Death is not something we want to think about but sadly it comes to us all eventually. It is always difficult for those left behind to come to terms with their loss. One of the most distressing things is the need to sort out personal, financial and other legal affairs. As many people have found, dealing with banks, building societies, pension companies and other institutions can be a nightmare and only add to one’s heartache. In addition, there is the need to cancel driving and TV licences, sort out phone and public utility accounts, notify societies and other accounts, and so on. These days we are being advised to draw up wills and powers of attorney appropriately in the hope that these will smooth the way when dealing with all this.
However, with today’s technology and widespread internet usage, all of us who use a computer in any form have a digital footprint around the world (whether we realise this or not). This means that we “leave” information about ourselves and our activities all over the place. In its most common form this amounts to social media and email accounts with their attendant information that we have contributed over the years. If we have followed advice about security and passwords this information is quite likely to be protected against unlawful or malicious access. Upon our sad demise, unlike our physical bodies, this information does not “die”. This is increasingly being referred to as our digital legacy.

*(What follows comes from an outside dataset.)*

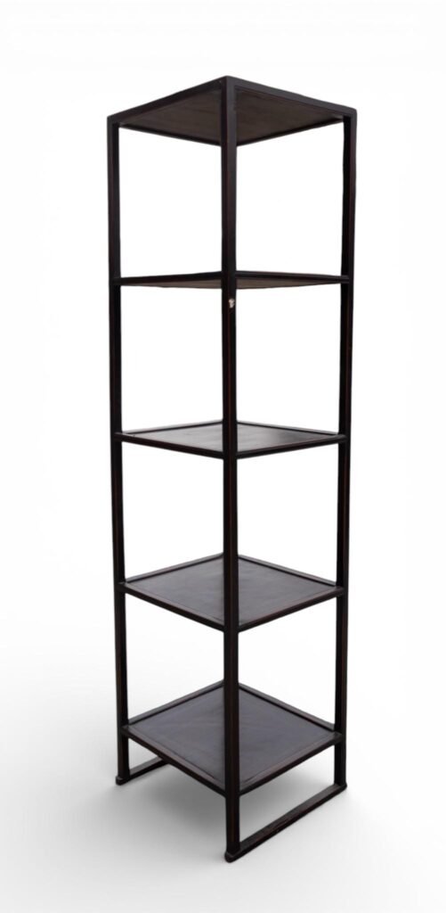 LOT 14.Rare Korean Four-Tier Wooden Book Shelf / Etagere. Black wooden shelf unit with four tiers. Each shelf surface is flat, and the overall design is rectangular with clean, straightforward lines. The piece stands on four vertical supports and has an open-frame design. Measures approx. 66.75″ x 15″ x 15″. Keystone Auctions LLC. York, PA, US. March 29, 2026. Estimate: $1,000 USD – $1,500 USD. Starting bid: $200 USD. SOLD for $225 USD

Recent research by a company called LifeSearch (and referred to last week on the Sky News website) examined the concept of a "data death" soon after physical death whereby social media and email accounts might be automatically deleted, instead of leaving it to their relatives to have to go through their data and close down their accounts. Most social media sites will close or suspend accounts if they learn of a user's death. But that can take time and paperwork, unless relatives can access the deceased's profile and passwords. Google and Facebook offer "legacy settings", where a user can select a contact to "curate" or preserve selected parts of an account after their death, in the same way an executor would organise assets according to instructions in a will.
But making this automatic is unlikely ever to happen given the complexity of internet law around the globe. Quite apart from the legal aspects, surviving relatives might find it exceptionally cruel to have their loved one's life history automatically, digitally expunged. Yet, sadly, research also shows that the vast majority of people have never discussed what they want to happen with their online data after they die.
LifeSearch spokesperson Emma Walker says:
"With our online presence increasingly a part of everyday life, it's important that we consider what will happen to our social media profiles, email accounts and the thousands of photos, videos and memories that go with them. Avoiding essential conversations about our digital life after death could leave our loved ones locked out, unable to take control, or at the mercy of hackers should the worst happen."
Very few people are putting such instructions in their wills or living Powers of Attorney. Furthermore, the legal profession in general has not fully caught up with this issue. Those that have probably lack sufficient technical knowledge to advise clients accordingly.
What steps have YOU taken to ensure that relatives can access your passwords and accounts and are in possession of the necessary authority to act on your behalf when you have gone? You can find some very helpful guidance on the LifeSearch web site at https://www.lifesearch.com/talkdigitaldeath. Why not take a look now?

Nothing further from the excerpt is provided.